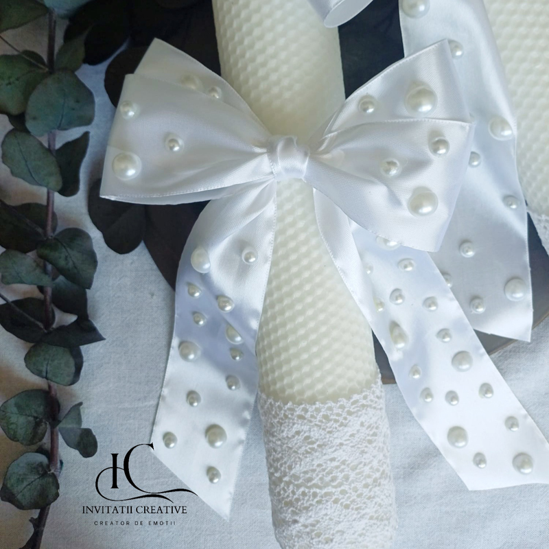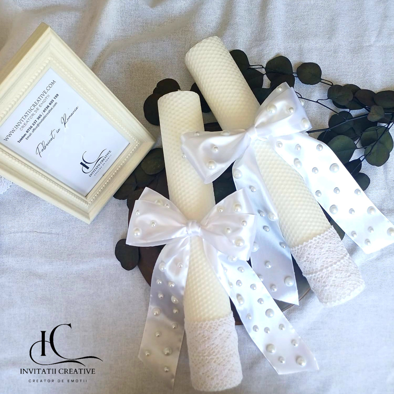 Set lumanari ceara albine pentru nunta cu perle
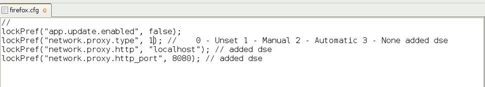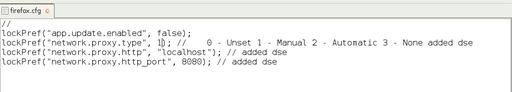 After rummaging through Mozilla.org's Web site, I chose to add lockPref statements to my Firefox configuration file to keep users from changing connection settings. I edited the file /usr/lib/firefox/firefox.cfg to appear as the one shown in Figure 5. The last three lines force a manual proxy selection on localhost, port 8080. After saving this file and restarting Firefox, you can't reset the connection settings. Further, other users without administrative privileges could not quickly change the settings and bypass the filters.
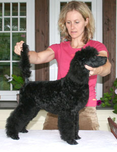 Zyami, прям не пудель, а лебедь черный! Очень мордашку хорошо состроил- пытается взрослым показаться, но наверно по характеру он спокойный?
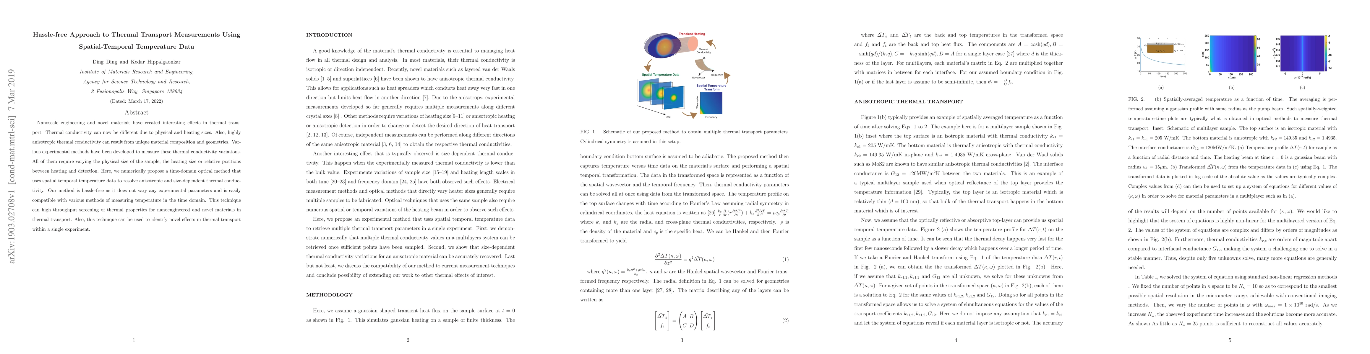 Nanoscale engineering and novel materials have created interesting effects in thermal transport. Thermal conductivity can now be different due to physical and heating sizes. Also, highly anisotropic thermal conductivity can result from unique material composition and geometries. Various experimental methods have been developed to measure these thermal conductivity variations. All of them require varying the physical size of the sample, the heating size or relative positions between heating and detection. Here, we numerically propose a time-domain optical method that uses spatial temporal temperature data to resolve anisotropic and size-dependent thermal conductivity. Our method is hassle-free as it does not vary any experimental parameters and is easily compatible with various methods of measuring temperature in the time domain. This technique can high throughput screening of thermal properties for nanoengineered and novel materials in thermal transport. Also, this technique can be used to identify novel effects in thermal transport within a single experiment.
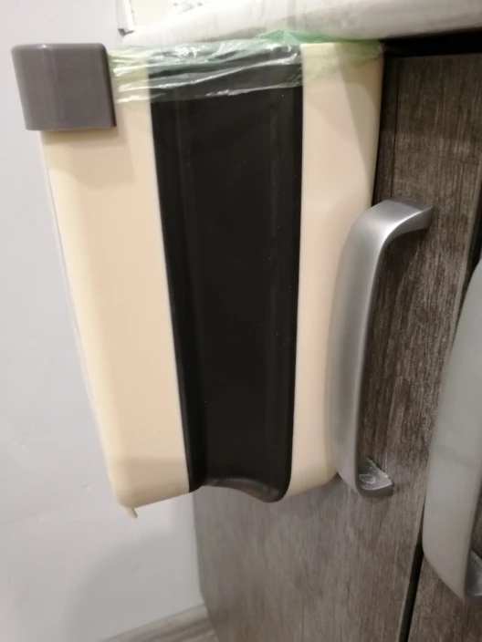 Крючок, который цепляется к дверце довольно толстый, у меня на кухне зазоры маленькие, не подошёл, надо дверцу перевешивать, а так прикольно. Пришло все быстро
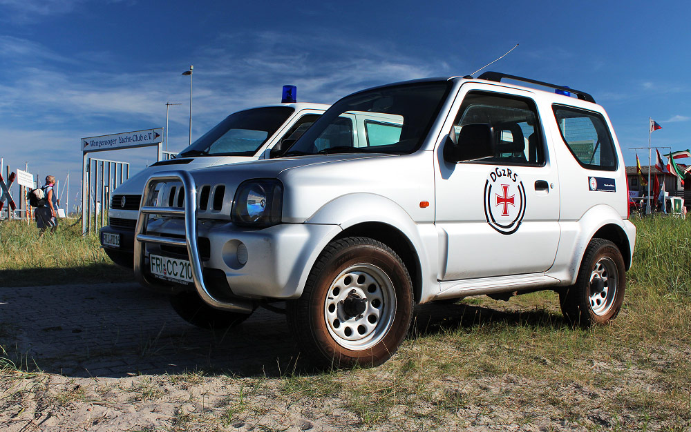 Zwei Dienstfahrzeuge parken am Westanleger: Zum einen der Suzuki Jimny Geländewagen der »Deutschen Gesellschaft zur Rettung Schiffbrüchiger«, zum anderen ein Volkswagen T4 vom »Rettungsdienst Friesland«.

## TASK INSTRUCTIONS
What you return should be the exact lines from the one containing "Крючок, который цепляется" through the end of the listing above, both included, minus any pictures.

## PROBLEM SOLUTION
 Крючок, который цепляется к дверце довольно толстый, у меня на кухне зазоры маленькие, не подошёл, надо дверцу перевешивать, а так прикольно. Пришло все быстро
 Zwei Dienstfahrzeuge parken am Westanleger: Zum einen der Suzuki Jimny Geländewagen der »Deutschen Gesellschaft zur Rettung Schiffbrüchiger«, zum anderen ein Volkswagen T4 vom »Rettungsdienst Friesland«.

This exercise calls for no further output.